Estia refinances in show of commitment to sustainability

Listed aged care provider Estia Health has refinanced to a Sustainability Linked Syndicated Financing Agreement in a move to demonstrate its sustainability strategy.

Australian Securities Exchange listed aged care provider Estia Health has refinanced its existing loans with a $330 million sustainability linked loan to publicly demonstrate its environmental, social and governance commitment. 

Sustainability linked loans aim to encourage organisations to be environmentally and socially sustainable and support economic activity and growth.

Estia Health’s Sustainability Linked Syndicated Financing Agreement has embedded independently assessed targets aligned to its existing sustainability strategy and linked to the following goals:

  • reduction in greenhouse gas emissions
  • improved resident engagement and satisfaction
  • supporting employee wellbeing
  • improving environmental performance in alignment with the NABERS Star Ratings for residential aged care.

The four-to-five year loan is financed by the organisation’s existing lenders ANZ, Commonwealth Bank of Australia and Westpac and includes an additional $170 million of capacity for future growth.

Steve Lemlin

Estia Health chief financial officer Steve Lemlin said the loan backed up the environmental, social and governance commitment Estia has had for some time.

“It’s a more public and accountable demonstration of our commitment,” Mr Lemlin told Australian Ageing Agenda.

“There’s never been a more important time and we prefer to be setting expectations rather than following expectations,” he said

“It does put an onus on us to further support our commitments with an accountability and there’ll be a financial incentive one way or another to support that, so we’re very pleased to be able to join that movement.”

The targets are “ambitious” and “meaningful,” Mr Lemlin said.

“We’ve had them independently assessed by Ernst and Young, which is part of the criteria to have it classified as a sustainability-linked loan,” he said.

Mr Lemlin said the move was also important for the organisation’s staff and residents.

“Increasingly, the whole community is aware of the need for us all to make a contribution and I think that’s an important demonstration for us to our staff and our residents,” he said.
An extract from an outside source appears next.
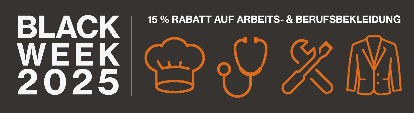 Die Black Week 2025 ist da – und bei COMO Fashion sichern Sie sich 15 % Rabatt auf das gesamte Sortiment. Perfekt, um hochwertige Arbeits- und Berufsbekleidung für Ihr Team rechtzeitig und budgetschonend einzukaufen.

It is important for organisations to be accountable to their commitments and Estia Health “accepts the responsibility that goes with it,” Mr Lemlin said.

“If we achieve these goals, it will drive us to ensure that we keep these goals in mind as much as our other corporate objectives as well.”

Mr Lemlin said the organisation was pleased to be among the first in the sector to execute a sustainability linked loan.

“The SLFA incentive structure is linked to our overall business and ESG strategies and will contribute to an overall lower overall cost of capital to support continuing investment in the sector,” Mr Lemlin said in an ASX announcement.

He recommended more organisations – not just in aged care – make similar commitments.

“I can see a future where this will be quite standard. At the moment, it’s probably starting to lead the way, but that is very common in other sectors,” he told AAA.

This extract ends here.